The clock tower was part of Charles Barry’s design for a new palace after the original Palace of Westminster was destroyed by fire in 1834. Barry enlisted the help of Augustus Pugin, an architect renowned for his Gothic Revival designs, to create the detailed Gothic aesthetics of the tower. The tower stands at an imposing height of 316 feet, making it a prominent feature of the London skyline.

The clock itself was designed by Edmund Beckett Denison, a lawyer and amateur horologist, in collaboration with George Airy, the Astronomer Royal. The clock mechanism was constructed by Edward John Dent, and after his death in 1853, it was completed by his stepson, Frederick Dent. One of the most remarkable features of the clock is its accuracy, which was ensured by a gravity escapement designed by Denison. This innovation allowed the clock to remain precise despite external factors such as wind or the movement of the tower.

The Great Bell, known as Big Ben, weighs a massive 13.5 tons and is 7 feet 2 inches tall with a diameter of 9 feet. The bell was cast at the Whitechapel Bell Foundry, and it took several attempts to achieve the desired sound and durability. The first bell cast for the tower cracked during testing and had to be recast. The second bell, which also cracked shortly after installation, was repaired by turning it a quarter turn and using a lighter hammer to strike it. This solution allowed Big Ben to produce its distinctive chime that has been heard around London for over a century and a half.

The clock began keeping time on May 31, 1859, and Big Ben chimed for the first time on July 11 of the same year. The accuracy and reliability of the clock were immediately apparent, earning it a reputation as one of the most reliable timekeeping devices in the world. The clock’s four faces are made of iron frames filled with opal glass, and each face is 23 feet in diameter. The minute hands are 14 feet long, and the hour hands are 9 feet long, allowing the time to be read from a considerable distance.
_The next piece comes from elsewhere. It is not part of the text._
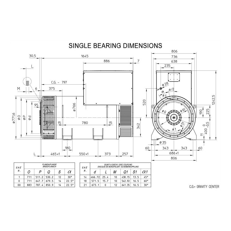 Tutti gli alternatori sono costituiti da uno statore fisso con cave inclinate e un induttore rotante. Inoltre, i modelli sopra i 15 KVA sono dotati di serie di una gabbia di smorzamento. Tutti gli avvolgimenti alternatori hanno un passo a 2/3 al fine di ridurre il contenuto armonico.
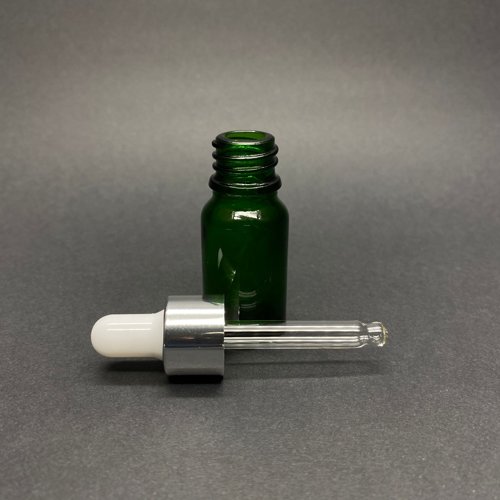 10 Cc Yeşil Cam Damlalıklı Şişe, beyaz emzik ve gümüş metalik kapak ile şık ve kullanışlı bir tasarıma sahiptir. 10 ml'lik yeşil cam damlalıklı şişe, içerisindeki sıvıyı korurken aynı zamanda kolay kullanım sağlar.

Over the years, Big Ben has become more than just a timekeeping device; it has evolved into a symbol of British resilience and tradition. During World War II, despite the heavy bombing of London, Big Ben continued to chime, providing a sense of continuity and hope to the beleaguered city. The chimes of Big Ben have also been broadcast by the BBC since 1923, marking the start of the New Year and other significant events in the UK.
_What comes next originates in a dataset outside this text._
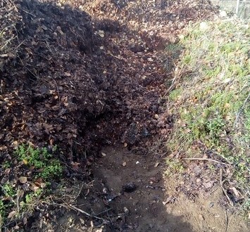 Par chance, en contournant l’obstacle, le modelé du terrain permet de creuser facilement un chemin d’accès pour la brouette.
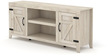 A farmhouse look with modern flare -- this TV credenza from the Sauder Select collection reminds you of simpler times with rustic charm and unique design. This farmhouse TV stand accommodates up to a 70” TV weighing up to 95 lbs., making your living room the perfect place for game nights and watch parties with your friends. This wood TV stand features two country-inspired barn doors that open for additional hidden storage, revealing an adjustable shelf behind each door. This credenza TV stand includes a third adjustable shelf in the center open storage area to accommodate items of various heights—meaning you can customize your storage experience! This TV stand with storage also includes cord management through the enclosed back panel so you can keep all your wires neat and out of sight. Finished in Chalked Chestnut® and detailed with matte black hinges and door handles, this cool toned wood farmhouse TV stand will be the simple but stunning centerpiece of your living room.

In 2012, the clock tower was renamed Elizabeth Tower in honor of Queen Elizabeth II’s Diamond Jubilee. Despite the name change, the structure is still popularly known as Big Ben. The tower has undergone several restorations over the years, with the most recent renovation beginning in 2017 and completed in 2022. These efforts have ensured that Big Ben continues to function accurately and remain an enduring landmark.